Converged VPN Solution
The converged VPN solution standardizes and scales the network by facilitating seamless integration of VPN technologies. DMVPN, Easy VPN, and SSLVPN can be integrated to provide a single consolidated hub for the VPN deployment. This provides standardized and scalable support for all types of end users, including telecommuters, road warriors, and branch sites.
DMVPN optimizes performance, reduces latency for real-time applications, and enables dynamic configuration. It reduces the maintenance and configuration on the hubs and uses QoS to provide the priority to the marked network and real-time sensitive applications.
Easy VPN provides access to both software and hardware clients, complementing the other VPN deployments. Easy VPN deployments can be easily migrated to DMVPN deployments. And with the availability of IPsec Dynamic Virtual Tunnel Interface (DVTI), Enhanced Easy VPN now supports IP Multicast and QoS as well.

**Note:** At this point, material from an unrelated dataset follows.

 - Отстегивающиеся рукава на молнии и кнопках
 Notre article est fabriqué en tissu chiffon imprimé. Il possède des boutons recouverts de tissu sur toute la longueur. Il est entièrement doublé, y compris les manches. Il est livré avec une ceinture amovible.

SSLVPN provides clientless, thin-client, or full client-based secure access to corporate network and resources, from any device with an SSL-enabled browser, like laptops and PDAs. SSLVPN also enables users to download Cisco Secure Desktop, which provides a secure desktop on top of the guest desktop. Mobile users, retail brokers, and extranet partners can benefit from SSLVPN when the allowable SSL VPN client, Cisco Secure Desktop, or clientless access depends on corporate policy. SSLVPN can integrate and share a hub with
both Easy VPN and DMVPN.
Group Domain of Interpretation (GDOI) is a group key protocol whereby all group members register with a key server. It defines a method of sharing a common group key among devices that can be used for encryption and decryption. GDOI has been integrated with the DMVPN solution to take advantages of its group keying concept. With this integration, each spoke maintains a GDOI session only with the key server and there is no permanent tunnel between the hub and spoke.

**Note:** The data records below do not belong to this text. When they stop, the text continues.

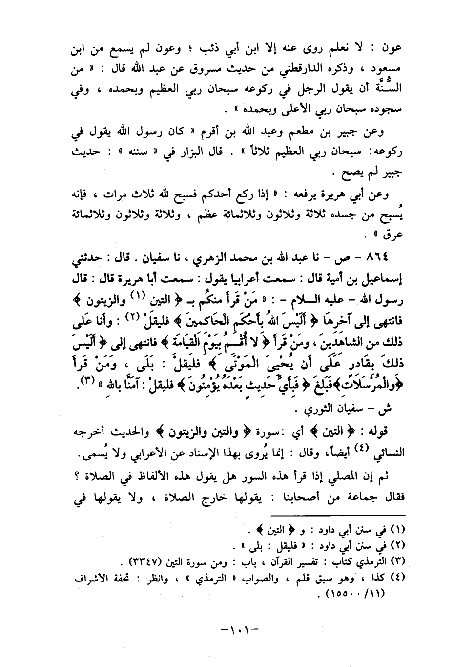 864-ص- نا عبد الله بن محمد الزهري، نا سفيان. قال: حدثني إسماعيل بن أمية قال: سمعت أعرابيا يقول: سمعت أبا هريرة قال: قال رسول الله- عليه السلام-:" مَنْ قَرأ منكُم بـ "التين (1) والزيتون " فانتهى إلى آخرها ألَيْسَ اللهُ بأحكَم الحَاكمينَ " فليقل (2) : وأنا عَلى ذلك من الشاهدينَ، ومًنْ قَرأ "لا أقْسمُ بيَوم القيَامَةِ" فانتهى إلى "ألَيْسَ ذلكَ بقَادرِ بقادر على أن يُحْيىَ المَوْتَى" فليَقلْ: بَلَى، وَمَنْ قَرأ "والمُرسَلاَتِ " فَبَلغَ "فَبِأي حديث بَعْدَهُ يُؤْمِنُونَ " فليقلْ: "آمَنَا باللهِ " (3) . ش- سفيان الثوري.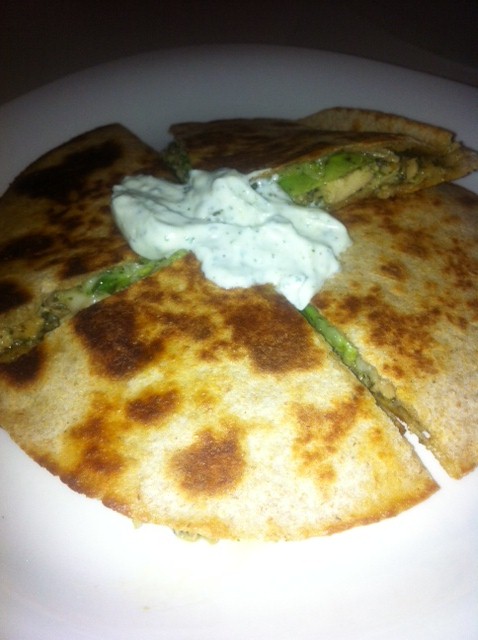 mix all components of the sauce in a small bowl until smooth, dollop on top of quesadilla and serve.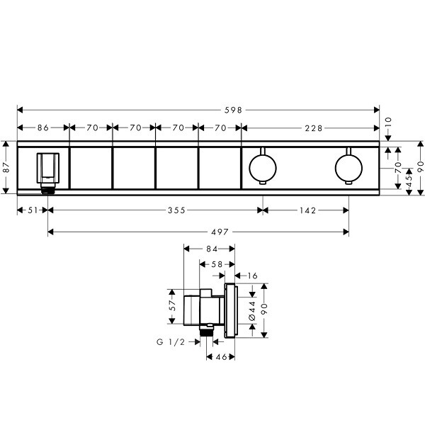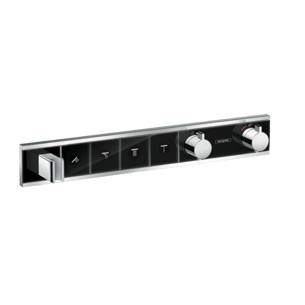 Смеситель для душа, Hansgrohe, RainSelect, тип открывания воды-с 4 кнопками, тип установки-встраиваемый, комплектация-ручка, гильза, розетка, функциональный блок, внутренняя часть-необходимо заказать, цвет-черный/хром, защита от обратного тока воды Смеситель для душа, Hansgrohe, RainSelect, цвет-черный/хром
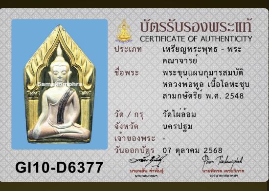 ขุนแผนหลังกุมารสมบัติ หลวงพ่อพูล วัดไผ่ล้อม เนื้อ 3K ปี 2548 พร้อมบัตรรับรองสมาคม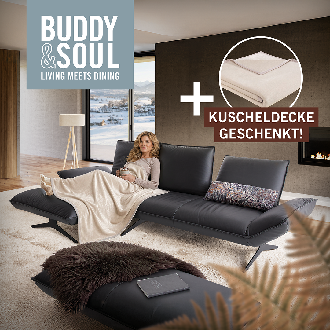 Beim Kauf eines Sofas (BUDDY) erhalten Sie im Kampagnenzeitraum von Januar bis März 2026 gratis eine KOINOR-Kuscheldecke. Bei Lieferung des Möbels liegt eine entsprechende Karte bei. Einfach über den QR Code aktivieren. Danach senden wir Ihnen das Präsent zu.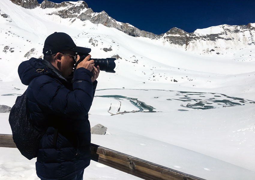 達古冰川的景色,對來自平原地區(qū)的大咖們有一種特別的“魅惑”。地勢落差造成了高低錯落的美感,讓人忍不住一看再看,舉起鏡頭只想把這美麗定格在掌中。

The major benefit of this integration is that spokes and hubs are group members and a common group key is distributed to them, eliminating the need for point-to-point IPsec sessions between them. Any group member can talk to any other group member using the same key. This reduces the delay when setting up spoke-to-spoke connections by eliminating creation of dynamic IPsec tunnels between them. There is minimal or no delay in setting up voice calls between spokes. As with IPsec-based DMVPN, both unicast and multicast data are still secured.
Easy VPN can be combined with DMVPN for the deployment of the Cisco ECT solution. Easy VPN provides access to both software and hardware clients, complementing the regular DMVPN deployment.
When an existing Easy VPN deployment is based on Cisco IOS Software and the customer wants to add DMVPN to the same hub, DMVPN configuration can be added to the same hub without affecting the existing Easy VPN setup. The converse is also true.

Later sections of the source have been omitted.